Mighty Architectures#
Mighty is made for deep RL, meaning we rely on neural networks for function approximation. You'll find them under the 'mighty_models' keyword in the code. This page should give you a rough overview of their intended use and how to handle them for your experiments.
Network Structures in Mighty#
Mighty networks are based on Torch. We implement some basic network architecture building block which can then be combined. You will usually choose a feature extractor architecture and a head architecture which can be the same or different. Furthermore, you can combine two different architectures in the feature extractor. You can choose between:
- MLP: standard fully connected networks (flexible structure)
- CNN: 1D or 2D convolutional networks (flexible structure)
- ResNet: a 2D convolutional layer with two residual blocks
- TorchHub model (experimental): loading models from TorchHub
This should cover many standard combinations like a CNN feature extractor with an MLP head.
Implemented Models#
The implemented 'mighty_models' define the prediction patterns for different algorithm classes. The DQN model, for example, is initialized to predict Q-values while the PPO model forwards through the policy head when called. Both can be based upon the same feature extraction and head structures, of course. If we look at the DQN model, we can see it primarily combines different elements to achieve this instead of implementing all of them:
class DQN(nn.Module):
"""DQN network."""
def __init__(self, num_actions, obs_size, dueling=False, **kwargs):
"""Initialize the network."""
super().__init__()
head_kwargs = {"hidden_sizes": [32, 32]}
feature_extractor_kwargs = {"obs_shape": obs_size}
if "head_kwargs" in kwargs:
head_kwargs.update(kwargs["head_kwargs"])
if "feature_extractor_kwargs" in kwargs:
feature_extractor_kwargs.update(kwargs["feature_extractor_kwargs"])
# Make feature extractor
self.feature_extractor, self.output_size = make_feature_extractor(
**feature_extractor_kwargs
)
self.dueling = dueling
self.num_actions = int(num_actions)
self.obs_size = obs_size
self.hidden_sizes = head_kwargs["hidden_sizes"]
# Make policy head
self.head, self.value, self.advantage = make_q_head(
self.output_size,
self.num_actions,
**head_kwargs,
)
def forward(self, x):
"""Forward pass."""
x = self.feature_extractor(x)
x = self.head(x)
advantage = self.advantage(x)
if self.dueling:
value = self.value(x)
x = value + advantage - advantage.mean(dim=1, keepdim=True)
else:
x = advantage
return x
def reset_head(self, hidden_sizes=None):
"""Reset the head of the network."""
if hidden_sizes is None:
hidden_sizes = self.hidden_sizes
self.head, self.value, self.advantage = make_q_head(
self.output_size,
self.num_actions,
hidden_sizes,
)
self.hidden_sizes = hidden_sizes
def shrink_weights(self, shrinkage, noise_weight):
"""Shrink weights of the network."""
params_old = deepcopy(list(self.head.parameters()))

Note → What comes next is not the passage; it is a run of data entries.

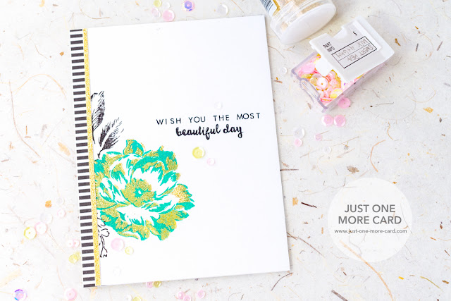 I think for me, the color combination and the stripes are what makes this card “modern”: the gold over the fresh mint color is just something that I can’t associate with traditional color schemes. And the thin patterned paper strip really adds contrast to the otherwise very simple and clean design.
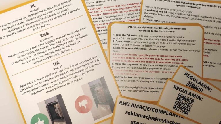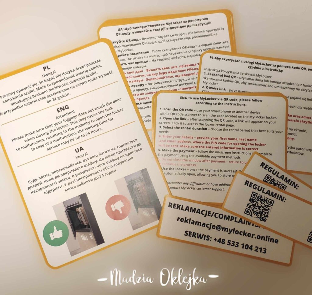 Trzyjęzyczne naklejki do szafek przechowujących bagaże na dworcu w Katowicach, przepraszam za jakość zdjęcia 🙂 Tak wygląda praca po godzinach 🙂
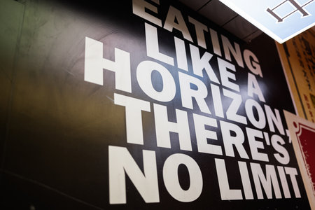Eating like a horizon there's no limit. Typography captured from a motivational artistic design placed on a dark themed backdrop.
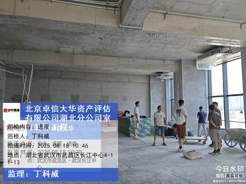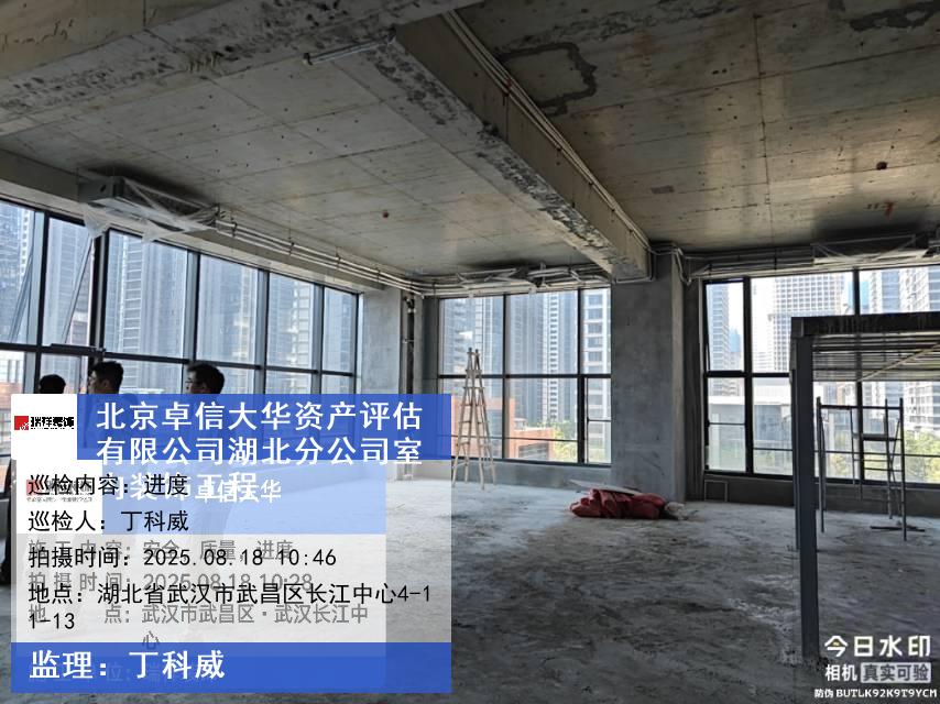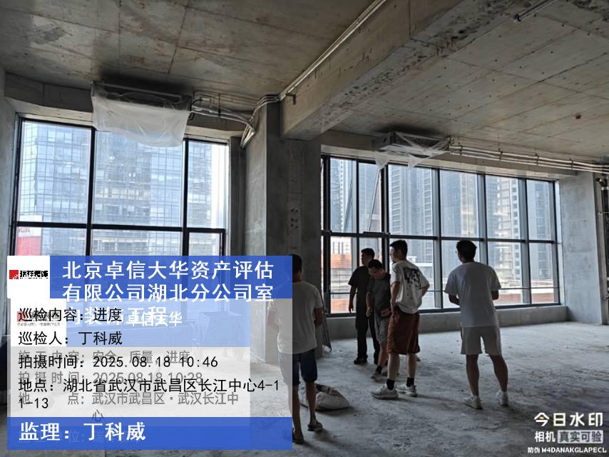 版权声明:本站所有文章除特别标注授权发布外,其他文字内容均为原创,享有著作权保护,未经许可不得以任何形式进行转载(包括且不限于:媒体、网站、公众号等)。本文链接 -> 北京卓信大华资产评估有限公司湖北分公司办公空间装修2025年08月18日工程监理巡检
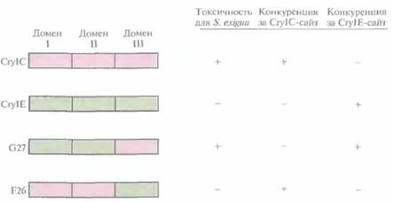 Белки CrylC и CrylE токсичны для чешуекрылых, но обладают разной видоспецифичностью: CrylC действует на S. exigua, Mamestra brassicae и Manduco sexta, в то время как CrylE — только на M. sexto. В одной из лабораторий был создан гибридный белок CrylC-CrylE, токсичность которого проверялась на разных насекомых. Была исследована также его способность связываться с различными рецепторами (рис. 15.5). Гибридный токсин G27, содержащий домен IIIбелка CrylC, был токсичен для личинок S. exigua, хотя связывался только с Сгу1Е-рецептором, но не с рецептором CrylC, И наоборот, гибридный токсин F26 не оказывал действия на личинок S. exigua, хотя и связывался с CrylC-рецептором. Поскольку токсичные для S. exigua белки CrylC и G 27 связываются с разными рецепторами на поверхности клеток кишечника насекомого, одновременная или поочередная обработка S. exigua двумя этими токсинами может уменьшить вероятность появления устойчивого к ним штамма, поскольку для этого необходимо, чтобы мутационные изменения произошли одновременно в двух разных белках.

value_params_old = deepcopy(list(self.value.parameters()))
adv_params_old = deepcopy(list(self.advantage.parameters()))
self.reset_head(hidden_sizes=self.hidden_sizes)

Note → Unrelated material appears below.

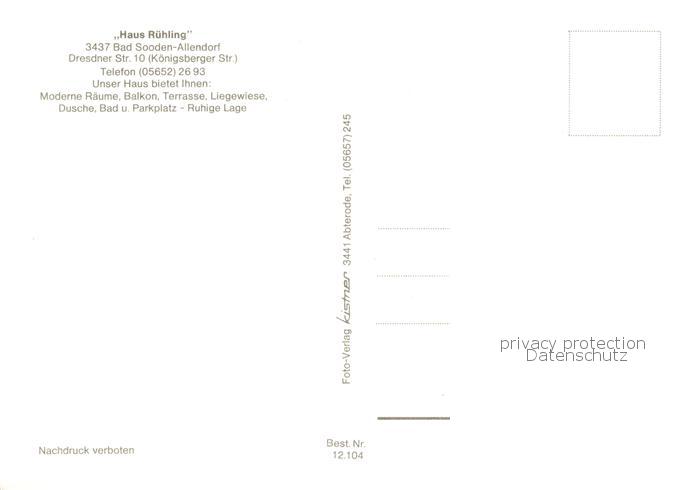 74052467 Bad Sooden-Allendorf Haus Ruehling Gaststube Zimmer postalisch nicht gelaufen Erhaltung siehe scans [FriedD77] KatCode: 11110006636001

for p_old, p_rand in zip(*[params_old, self.head.parameters()], strict=False):
p_rand.data = deepcopy(shrinkage * p_old.data + noise_weight * p_rand.data)
for p_old, p_rand in zip(
*[adv_params_old, self.advantage.parameters()], strict=False
):
p_rand.data = deepcopy(shrinkage * p_old.data + noise_weight * p_rand.data)
if self.dueling:
for p_old, p_rand in zip(
*[value_params_old, self.value.parameters()], strict=False
):
p_rand.data = deepcopy(
shrinkage * p_old.data + noise_weight * p_rand.data
)
def __getstate__(self):
return (
self.feature_extractor,
self.head,
self.advantage,
self.value,
self.dueling,
self.num_actions,
)
def __setstate__(self, state):
self.feature_extractor = state[0]
self.head = state[1]
self.advantage = state[2]
self.value = state[3]
self.dueling = state[4]
self.num_actions = state[5]
Changing Network Structure#
The MLP and CNN networks have a semi-configurable structure. Via the algorithm_kwargs, you can specify activations as well as number of layers and units for MLPs and number and kind of convolutions, channels, strides and paddings for CNN. Hidden sizes, number of channels, stride and padding can be configured per layer for more variation. Activations, on the other hand, are currently set for the full network.

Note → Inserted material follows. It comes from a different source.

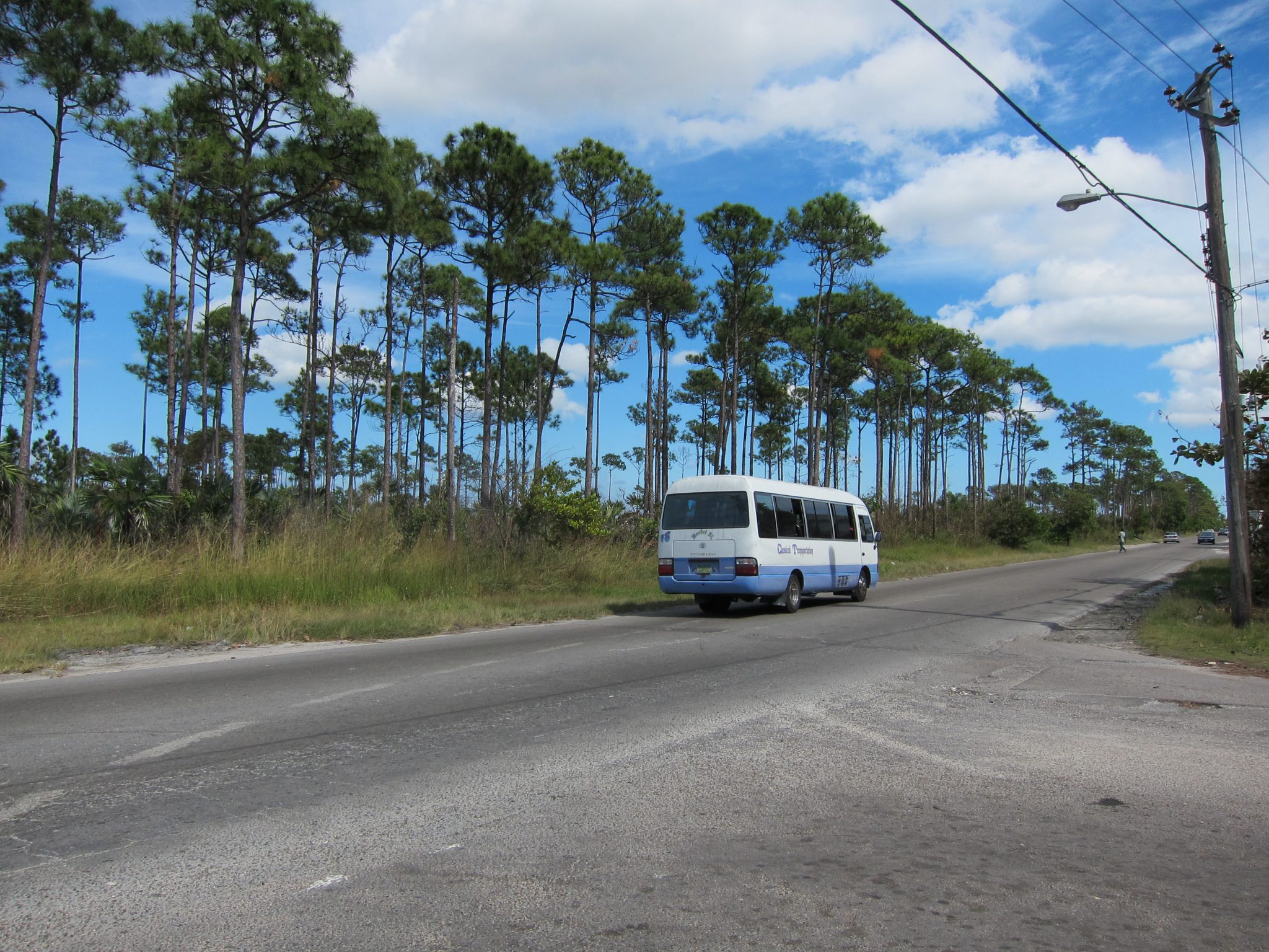 Tad nu turpinu ceļu gar rietumu krastu un te ir pavisam cita – tūristu pasaule. Izskatās, ka vētra nav gājusi secan arī Bahamām, jo šoseja vietām ir smilšu aizpūsta un ceļmalās guļ ar saknēm izrauti koki. Drīz jau esmu Nassau pilsētā. Ar visām daudzajām maldīšanās un apstāšanās reizēm, apbraukšana apkārt salai man ir prasījusi 3 ar pus stundas. Ko nozīmē iepriekš dzirdētais, ka tas ir “too far”? Cilvēki tiešām ir dīvaini bez gala.

When Should I Implement A New Network Class?#
Current network classes cover standard cases with some flexibility for MLPs and CNNs. The TorchHub option is still being tested and also limited since it's not focused on RL models. Therefore several relevant options like Transformers still need their own class. If you want to use a different architecture than listed here, you should simply make a new class for it and enable its creation via 'make_feature_extractor'.